Re-engineering a Better Performance Review

There’s a dirty little secret about performance reviews, which is this: most of them are useless. Managers dread them because they’re tedious and time-consuming and potentially volatile. Employees hate them because all too often a performance review is the only objective data point informing compensation and bonus. Rarely in my experience does a performance review actually accomplish its primary goal of encouraging superior performance or correcting unproductive behavior.

In fact, performance reviews generally fail for the same reason pyramid schemes succeed: there’s little incentive to be honest.

After grappling with this problem for several years, I’ve come to the conclusion that the best metric is the one favored by sales departments everywhere: profit. I try to base a large percentage of every employee’s performance review and bonus on project profitability, which accomplishes two things: it provides manager and employee alike with quantifiable data that balances out subjective feedback, and it incentivized back-office production staff to work collaboratively with front-office sales staff to their mutual benefit.

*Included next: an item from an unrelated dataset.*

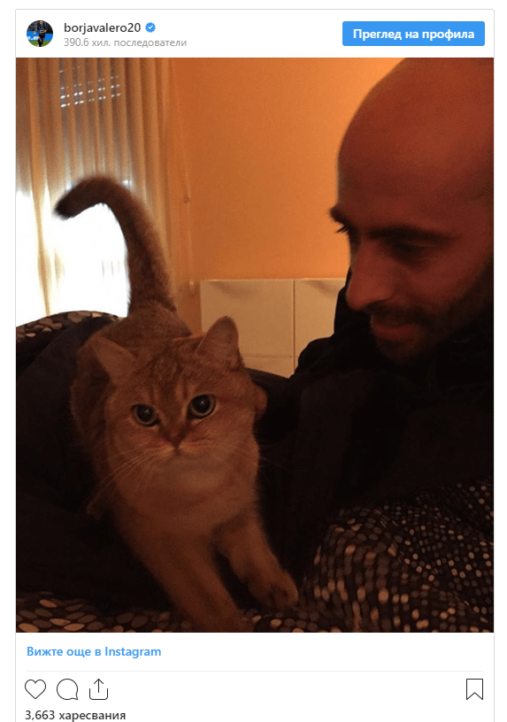 Полузащитникът на Интер Борха Валеро също е фен на котките.

I do this, however, with a couple caveats:

  • For this sort of no-nonsense approach to work, employees have to have a reasonable amount of control over the success of their projects. If they don’t share responsibility for the estimate and/or aren’t allowed to micromanage their own time, they shouldn’t be assessed on the eventual actuals. (Note that reasonable control does not mean complete control. Part of being an effective team member is managing the risks of the team.)
  • Profitability should never be weighted so high that it inhibits innovation and risk.

Goals and Targets

To provide structure for the less quantifiable parts of a performance review, I tend to use a system of goals and targets which are negotiated at the beginning of the evaluation period and then revisited either quarterly or semi-annually. Goals are kept high-level and accommodate both peer / stakeholder feedback and supervisor feedback.

Each goal is ideally supported by specific targets which act as a roadmap for achieving the best possible score on that goal. Wherever possible, targets should be binary. “Create such and such an application” is a better target than “participate in product development.”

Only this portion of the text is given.